Raw network flow data has features that standard ML pipelines don’t handle well out of the box — IP addresses that need to be split into octets to be numerically meaningful, high-cardinality categoricals, features with wildly different scales, and a heavily imbalanced class distribution between attack and benign traffic.

Rather than preprocessing inline in a notebook, I built a proper sklearn-compatible pipeline with modular transformers: FeatureDropper (removes irrelevant fields like Flow ID and Timestamp), CompositeSplitter (breaks IP addresses into four numeric octets), NumericalStandardiser, CategoryEncoder, and FeatureImputer. Each is a standalone transformer that can be composed, tested, and reused independently.

Models explored

The project compares three approaches, each suited to a different assumption about the problem:

Logistic Regression — fast baseline for binary classification. Useful for establishing a performance floor and understanding which features drive the decision.

Autoencoder — trained on benign traffic to learn a compressed representation, then used for anomaly detection by measuring reconstruction error on attack traffic. Interesting because it doesn’t require labeled attack examples during training.
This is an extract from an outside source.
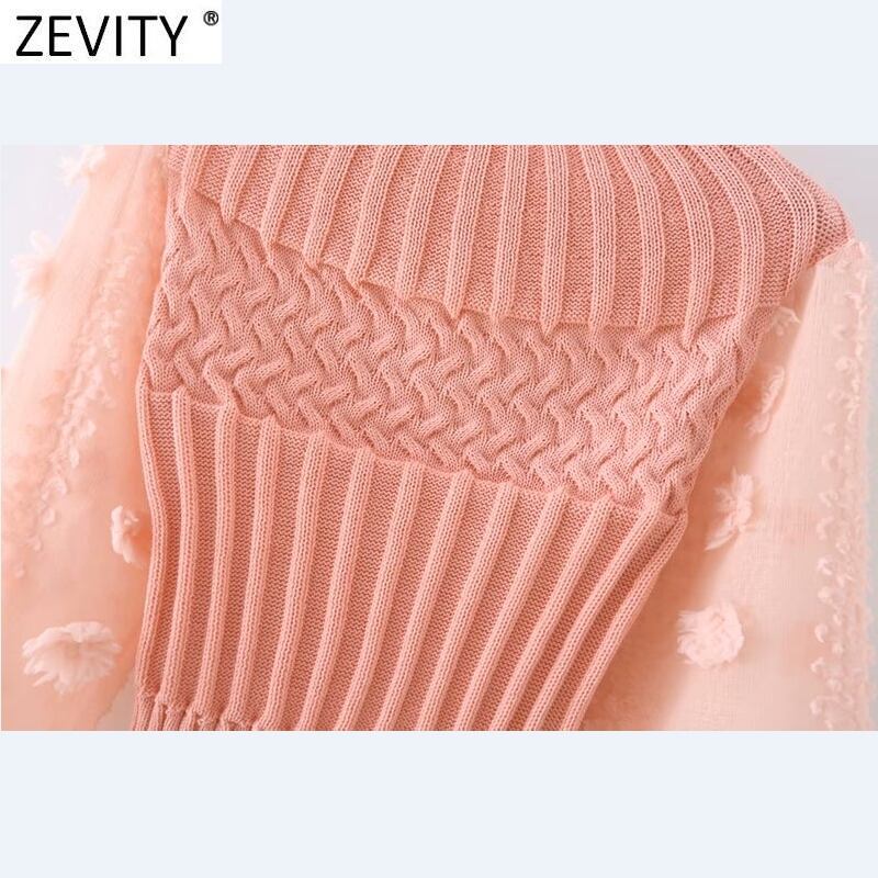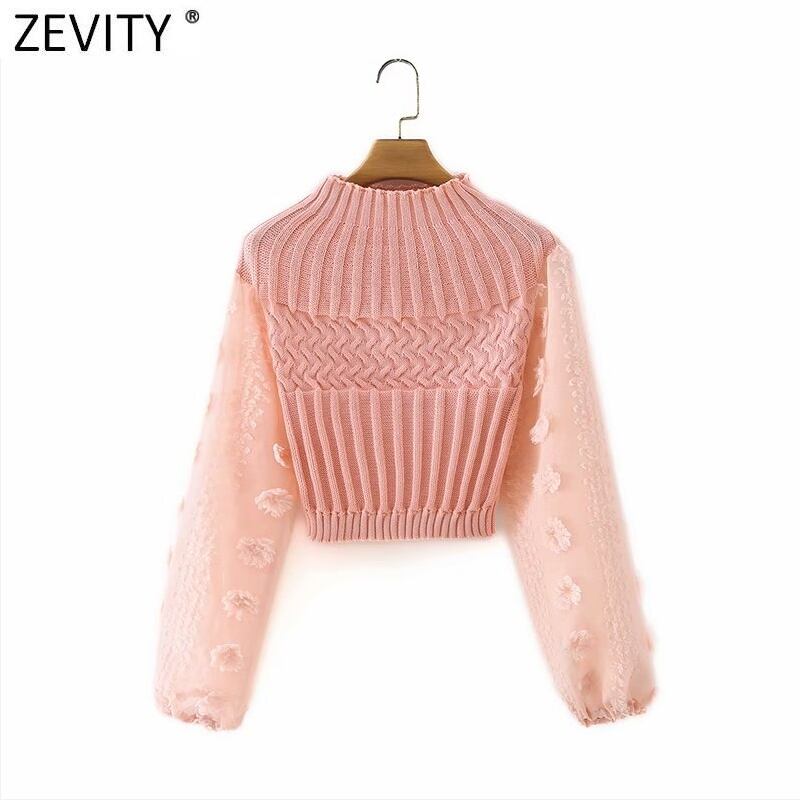 2021 女性アップリケシフォンランタンスリーブパッチワークショートニットセーターシックなプルオーバートップス S631

DBSCAN — unsupervised clustering approach. Useful for exploring whether attack traffic naturally clusters separately from benign traffic in feature space, without any labels.

Stack

Python · scikit-learn · PyTorch · pandas · numpy · matplotlib / seaborn · Poetry

Dataset

Kaggle DDoS Datasets — binary classification between benign and attack network flows, with features derived from packet-level statistics.

Reflection

The most useful thing this project produced wasn’t any particular model — it was the preprocessing pipeline. The modular transformer design meant I could swap models freely without touching the data handling code, which is exactly how production ML pipelines should work. It also meant the pipeline could be serialized and loaded alongside the model for inference, rather than re-running preprocessing manually.